Questions/Réponses :

  • Avez-vous observé une explosion du drive et de la livraison durant cette période de confinement ?

En effet la livraison et le drive ont été des moyens d’approvisionnements très utilisés pendant le confinement. Deux catégories sont à distinguer :

  1. Ceux qui se sont fait livrer les repas prêts et cela fait fonctionner les restaurants ;
  2. Ceux qui se sont fait livrer des produits frais auprès de producteurs locaux ;

Cette tendance va peut-être s’atténuer après le confinement, toutefois il y a intérêt à ce que les livraisons soient encore utilisées par les clients et les commerçants car la capacité d’accueil de ces lieux restera faible pendant quelques mois.

  • La crise vous a-t-elle permis de voir la ville autrement ? Les gens veulent-ils revenir dans des villes moyennes ?

Les migrations vers les villes moyennes sont un mouvement que j’ai pu observer depuis quatre ou cinq ans et surtout durant la crise des gilets jaunes. En effet, de nombreux manifestants se sentaient refoulés en périphérie de leurs villes, par exemple à Bordeaux, en raison de l’explosion des prix de l’immobilier. Et à cette relégation s’ajoute souvent un sentiment de déclassement important. Au contraire, à Limoges, les gens se disent ravis d’avoir acheté car la ville propose une haute qualité de vie et de services (hôpital, université…).

Sans vouloir être pessimiste, beaucoup de civilisations se sont effondrées au moment d’une hyper urbanisation et le COVID-19 a révélé les problèmes que peuvent entraîner les lieux densément peuplés. Cette observation s’appuie également sur les nombreuses migrations de Paris vers la campagne durant le confinement. De plus, les gens qui ont été confinés dans un appartement de 30-40 m² ont été amenés à repenser leur cadre de vie.

Paradoxalement, les villes françaises ont besoins d’être redensifiées pour faire revenir des habitants en centre-ville et arrêter de grignoter sur les espaces ruraux et agricoles. Or la densification à la française n’est pas la même que la densification à la coréenne ou à la japonaise. En France, il faut réhabiliter et rénover les centres-villes avant de construire de nouveaux bâtiments.

  • Avez-vous vu augmenter le nombre d’habitants dans le centre-ville de Limoges ?

La ville a commencé et continue de développer les logements de haute qualité et je souhaite qu’il y ait un logement social mieux réparti et amélioré dans toute la ville. Nous travaillons aussi à faire revenir en centre-ville les familles de la classe moyenne voire de la classe moyenne supérieure.

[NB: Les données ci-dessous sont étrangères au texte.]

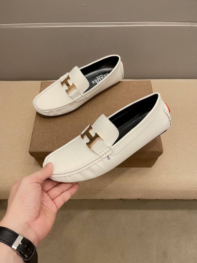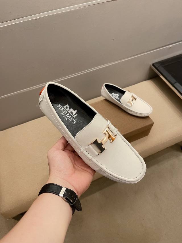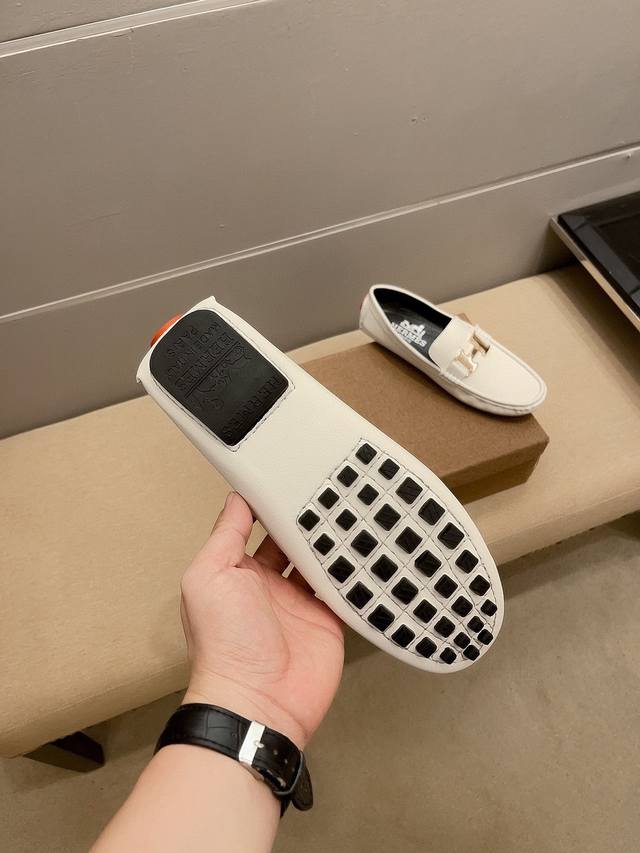 Official New Arrival + Hot Selling Item, Hermes Slip-on Boat Shoes, the same style worn by Hu Ge! Luxurious, understated, and sophisticated, made of imported pebbled cowhide, comfortable and breathable, with a breathable lining that prevents color fading. Continuing Hermes' century-long commitment to crafting unique products for the masses, this shoe features designs by a Turkish master and is available simultaneously at the flagship store at 24 Rue Saint-Tr
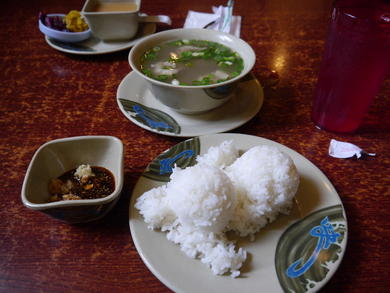 オックステールは骨から簡単に肉がとれ、おろした生姜に醤油を入れて作った薬味をつけて食べると最高に美味しいです。又、ご飯をスープに浸して食べると、これまた最高に美味しかったです。
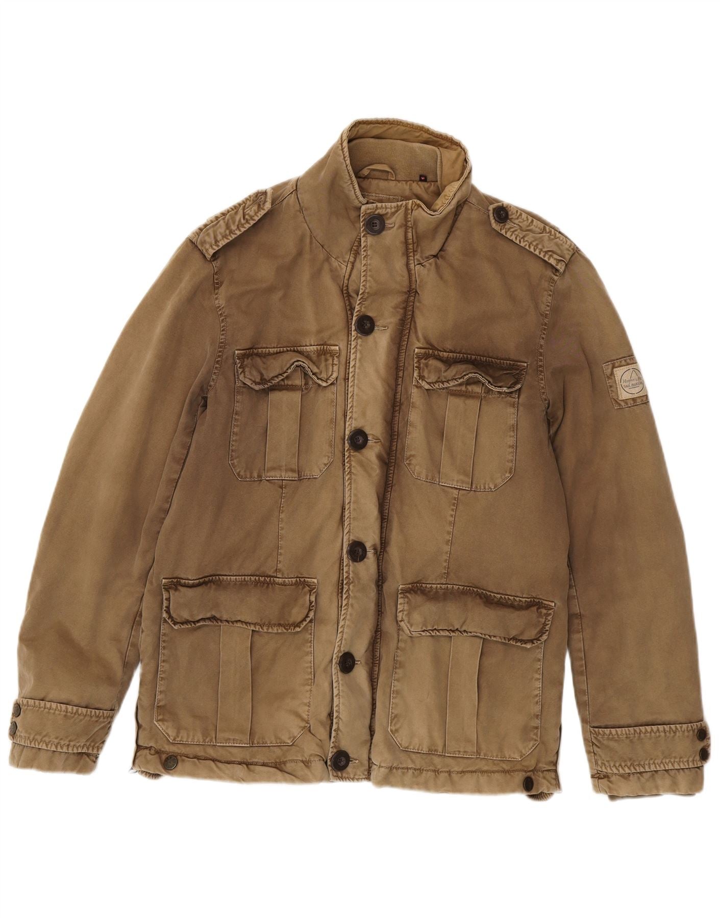 - AI Description: This Murphy & Nye mens military jacket is crafted from durable khaki waxed cotton, offering a robust, distressed finish. It features a classic collared neckline and long sleeves. The regular fit ensures comfortable wear. A full button closure secures the front. Multiple pockets add practical utility. Adjustable details enhance its authentic army style.
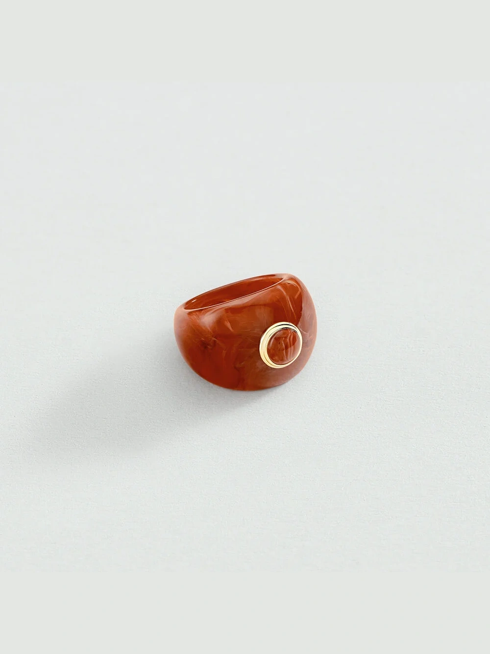 Sortija de acetato con cabujón en tonalidad rojiza coordinada con la base. Diseño irresistible de la colección BE by María Pombo imposible de resistir esta temporada. Esta joya se convierte en pieza protagonista de cualquier estilismo con carácter. Perfecto para combinar con collar largo y criollas en tono coordinado creando match total. Anillo francés con carácter único y estilo inconfundible.

Les logements refaits sont pleins mais dans le même temps nous avons été obligés de détruire des bâtiments. Nous ne savons pas vraiment si ces deux actions se sont compensées mais ce qui est sûr c’est qu’une vraie dynamique est mise en œuvre au niveau du logement. Par exemple les programmes de rénovation pour des bâtiments à l’abandon se vendent à toute allure ce qui est encourageant.

En somme :

La ville de Limoges se réorganise et se réinvente face à la crise sanitaire nationale tout en soutenant les petits commerces, les restaurants et bars qui sont particulièrement mis en difficulté. Les élus locaux s’engagent aussi pour maintenir un centre-ville dynamique et agréable pour les habitants où distanciation sociale ne rime pas avec l’écroulement des lieux de vie et d’animation.